I’ve had a lot of weird gigs in my time as an actor; I’ve opened a garden centre as Scooby Doo with Fred Elliot off Coronation Street, I’ve switched on the Christmas lights in Winchester (I think it was Winchester) as Marge Simpson, and I’ve been a corporate whore for Specsavers as a violin-playing sloth. Natch. But I’ve never had a Christmas Santa gig before.
Until now, that is. For the last couple of weeks I’ve donned the red suit to read stories and bring festive cheer to the kids of Sunderland. (Well, the kids of Sunderland whose parents bring them to Liberty Brown’s restaurant for pizza and pay an extra £8 for the privilege of meeting the big man.)
Mind you, I can’t be doing too bad a job for a novice. Just read this review published in the Sunderland Echo recently. (Yes, my Santa was actually reviewed!)
SANTA has arrived … And it really is him, just ask our Isaac.
After a storytime session with the bearded one, our eight-year-old, clutching his special gift, pulled me to one side and confirmed: “He’s this year’s Santa.”
I expect the “this year’s” bit is our Isaac’s way of explaining to himself how Santa appears to change depending on which Santa he’s confronted with. I mean, there’s so many of them about.
At Liberty Brown, the build up to the meeting probably clinched the deal.

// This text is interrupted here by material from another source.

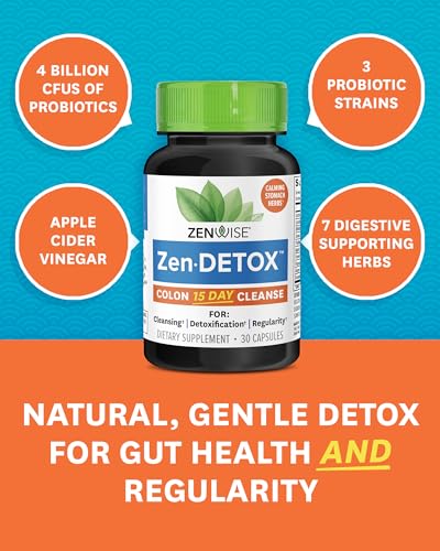 Zenwise Health 15 Day Colon Cleanse, Detox Constipation Relief, and 15 Day Cleanse for Men & Women – Psyllium Husk, Senna Leaf, Bromelain, Ginger, ACV, and Probiotics for Gut Health – 30 Count

As part of the Liberty Brown Santa experience you have face-painters and balloon modellers plying their trade before you embark on a carrot hunt with the elves. That hunt leads you to Santa’s Magical Grotto where you’re greeted by Santa, and yes, he is warming his bottom on a log fire.
All very Christmassy, particularly Santa’s booming delivery laced with plenty of throaty “ho, ho hos.”
You can read the full article here.
The big surprise for me is what the kids are asking for. I’d expected to be promising to load up my sleigh with sackfuls of iPhones, iPads, Kindles, and god knows what other techy gadgets you can get these days, so it’s been heartening to discover how many girls are asking for dolls and how many boys want lego. Bikes and scooters are as popular with both sexes as they were when I was small enough to sit on Santa’s knee.
And the sheer delight that’s inspired by reading aloud a story in a funny voice warms the cockles of any man’s heart. I’ve been feeling very down recently – mugged as I was by an attack of depression – but the sound of laughing children has been the perfect antidote. Soppy I know, but if you can’t be a bit soppy at this time of year, when can you?